## Data supplied
● ● ●
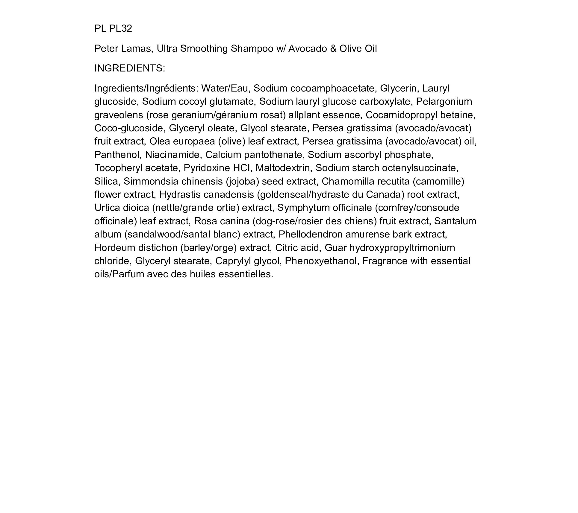 Peter Lamas Ultra Smoothing Shampoo w/ Avocado& Olive Oil
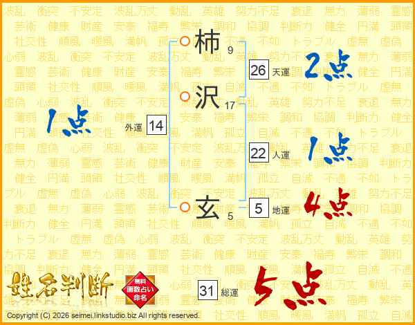柿(9画)沢(17画) 玄(5画)
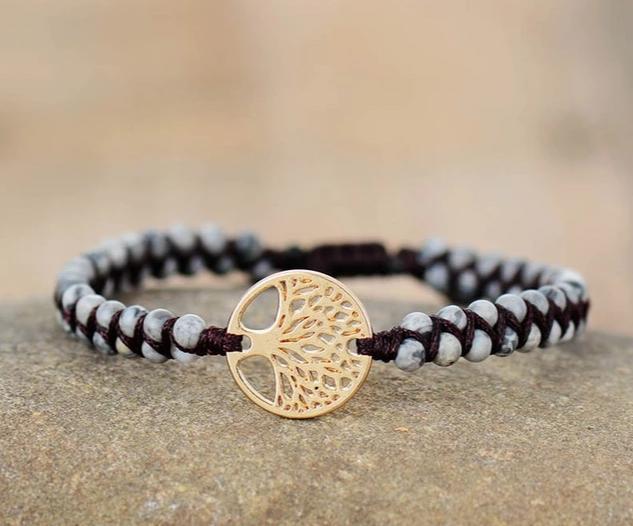 Porter cet excellent Porte-bonheur est le meilleur moyen d’attirer la chance ! Ce Bracelet Arbre de Vie est fait à la main, avec des belles pierres de Jaspes Grises !
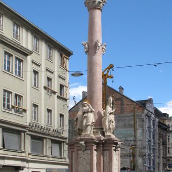 Built in 1703 by sculptor Cristoforo Benedetti, the column commemorates the departure of Bavarian troops from Tyrol during the War of Spanish Succession. This red Kramsach marble monument has remained a landmark throughout the following centuries.
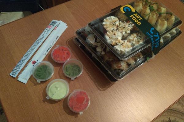 Заказывали вчера сыну на день рождения. Все привезли точно ко времени указанному в заказе. Роллы свежайшие и очень вкусные, приехали с Рафиева. Art food спасибо.
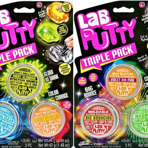 2 Packs 6 Units Assorted Styles: Heat Reactive Color Changing Putty, Glow in the Dark Putty, Magnetic Putty with Magnet, Crystal Clear Putty, Uv Reactive With Flashlight. Super-malleable Bouncing and squishy putty, packed with Lots of Fun. Make your Smart Lab Putty Game Toy portable and long lasting with a Tin Case included. Also Comes with 1 Collectable JA-Ru bouncy Ball. Great Sensory Experiential Learning Toy. Prime, Tactile Game, Quiet Toys, Physical Occupational Therapy, Vacation. Stress Relief and Release, Calming, Relaxing, Focus, Concentration, Autism, Anxiety, Sensory toys, Church, Memorial Day Sale, Independence, Classroom Box, Easter Basket, Planner Party Supplies, Treasure Chest Box, For Children Kids Boys or Girls And Adults. USA JA-RU. ASTM Tested. Top Quality
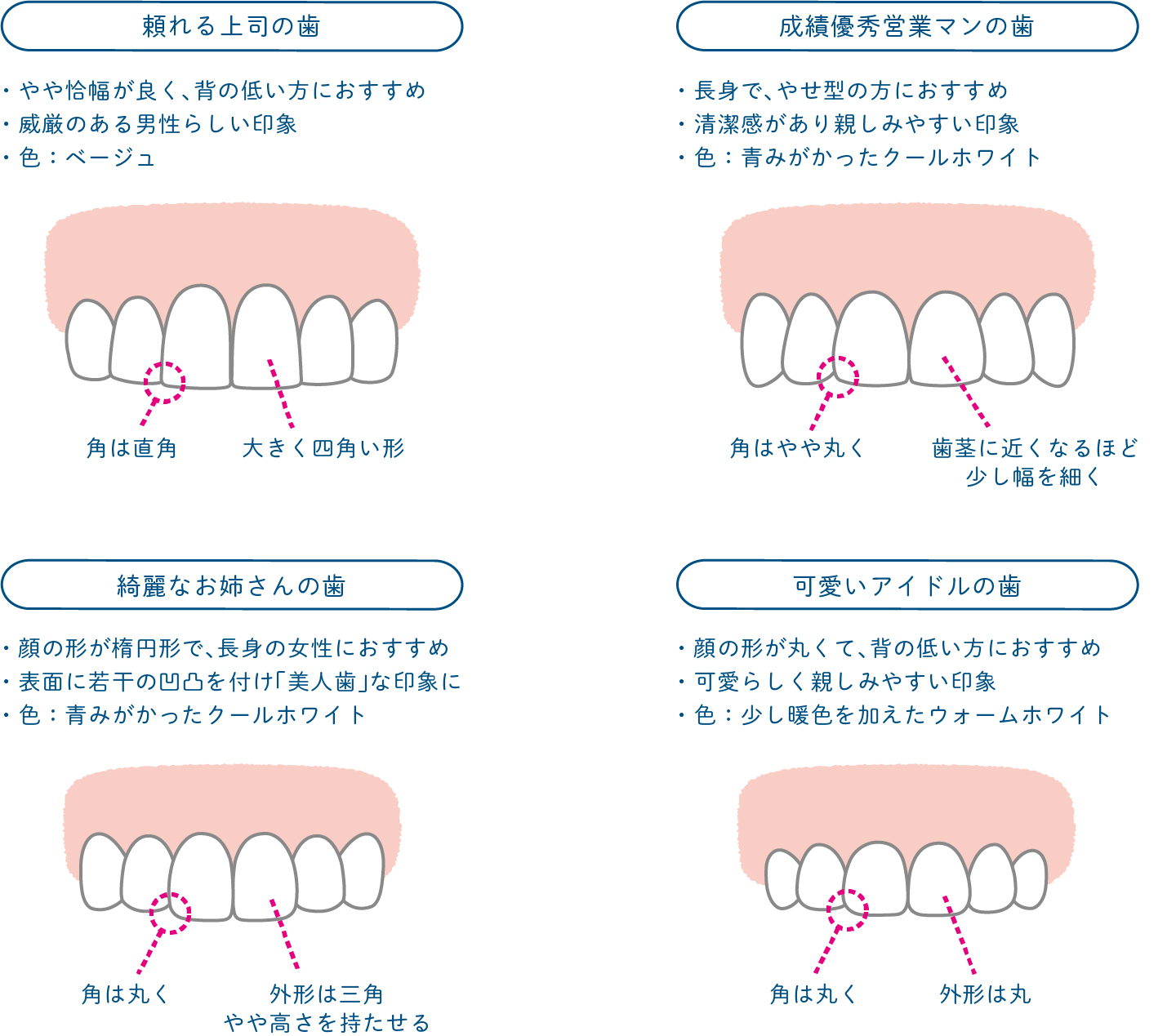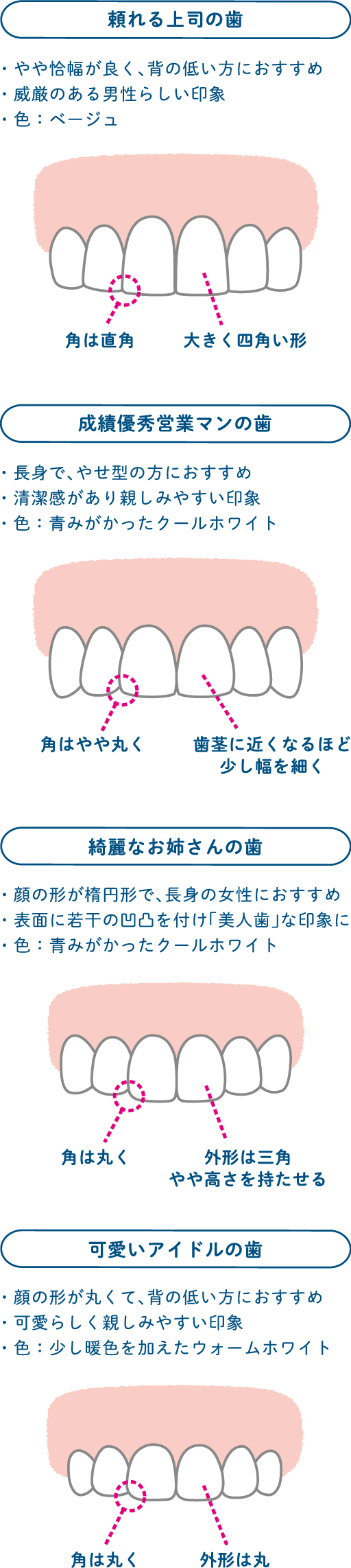 自分のビジネスや、立場、性格に歯の色・形を合わせることで、ある程度お顔の印象を変えることができます。当院では、図のようなバリエーションの中から、あなたにぴったりの歯を選びます。
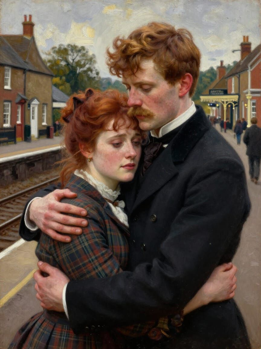 A young Victorian woman with auburn hair sadly embraces her brother goodbye at a train station, depicted with rich, impasto oil textures and dramatic lighting.
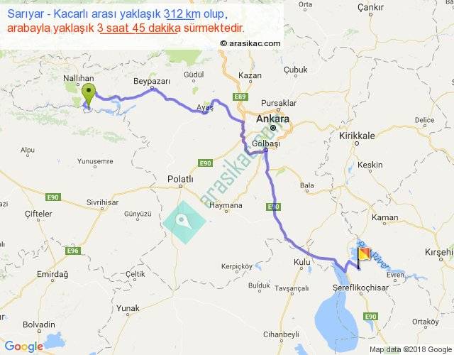 Sarıyar - Kacarlı arası yaklaşık olarak 90 km/h ile yukarıda belirtilen sürede olup, iki yerin kuş uçuşu uzaklığı (mesafesi) 207'dir. Yolculuk otobüsle 4 saat 52 dakika sürmektedir.
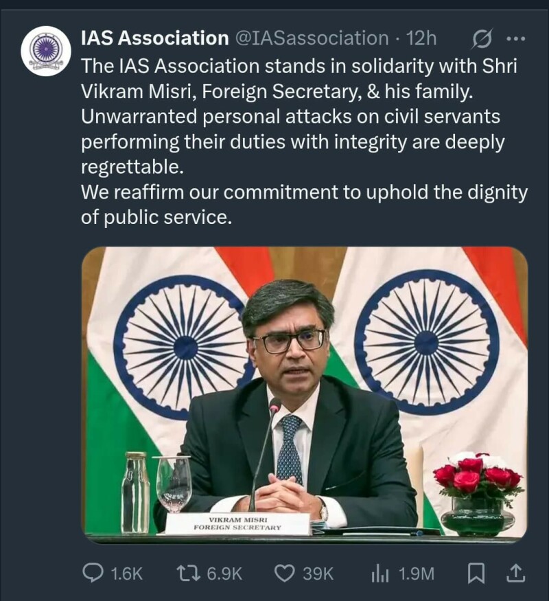 بھارتی ایڈمنسٹریٹو سروس ایسوسی ایشن نے ایکس پر جاری پوسٹ میں لکھا کہ ’آئی اے ایس ایسوسی ایشن شری وکرم مسری، سیکرٹری خارجہ، اور ان کے خاندان کے ساتھ اظہار یکجہتی کرتی ہے۔ دیانتداری کے ساتھ اپنے فرائض انجام دینے والے سرکاری افسران پر بلاجواز ذاتی حملے انتہائی قابل افسوس ہیں۔ ہم پبلک سروس کے وقار کو برقرار رکھنے کے اپنے عزم کا اعادہ کرتے ہیں۔‘
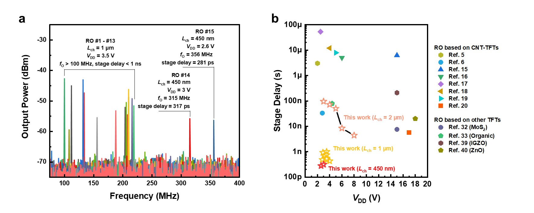 Fig. 2: Flexible CNT-TFT-based RO showing sub-nanosecond stage delays. a Power spectra of multiple 5-stage ROs with Lch of 1 μm and 450 nm, showing sub-ns stage delays. b Comparison of stage delays among representative flexible ROs.
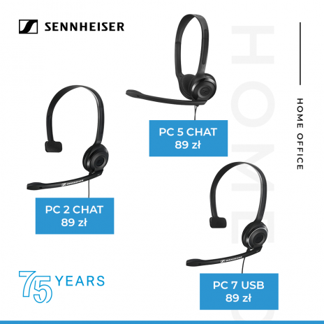 Sennheiser w ofercie konferencyjnych zestawów słuchawkowych ma przeszło 20 modeli w cenach zaczynających się już od 89 zł. Znajdziemy tu m.in. słuchawki PC 5 CHAT, GSP 600 czy PXC 550-II Wireless. Pełną ofertę znajdziecie na stronie producenta.
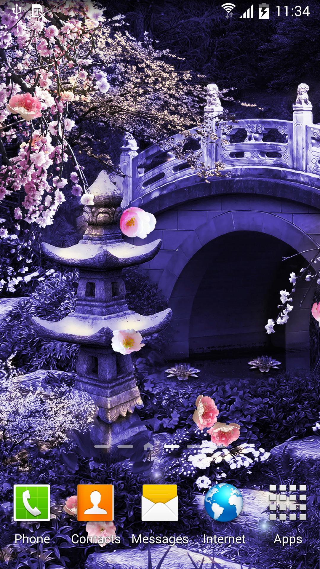 Mysterious East is associated with the beauty of the cherry blossoms (Sakura). In the spring, when nature comes alive in beautiful oriental gardens cherry trees blossoms and fragile cherry petals, flowers and leaves falls down, people come there to enjoy the beauty of the Japanese cherry blossom. Now thanks to our Mystic Sakura Live Wallpaper you also have opportunity to enjoy Sakura in the mystic oriental garden at night.
● ● ●
## Task prompt
Starting with the line that has "Sennheiser w ofercie" and ending with the last line of the records, retype every line exactly and only those lines. Do not include the pictures.

## Answer for this exercise
 Sennheiser w ofercie konferencyjnych zestawów słuchawkowych ma przeszło 20 modeli w cenach zaczynających się już od 89 zł. Znajdziemy tu m.in. słuchawki PC 5 CHAT, GSP 600 czy PXC 550-II Wireless. Pełną ofertę znajdziecie na stronie producenta.
 Mysterious East is associated with the beauty of the cherry blossoms (Sakura). In the spring, when nature comes alive in beautiful oriental gardens cherry trees blossoms and fragile cherry petals, flowers and leaves falls down, people come there to enjoy the beauty of the Japanese cherry blossom. Now thanks to our Mystic Sakura Live Wallpaper you also have opportunity to enjoy Sakura in the mystic oriental garden at night.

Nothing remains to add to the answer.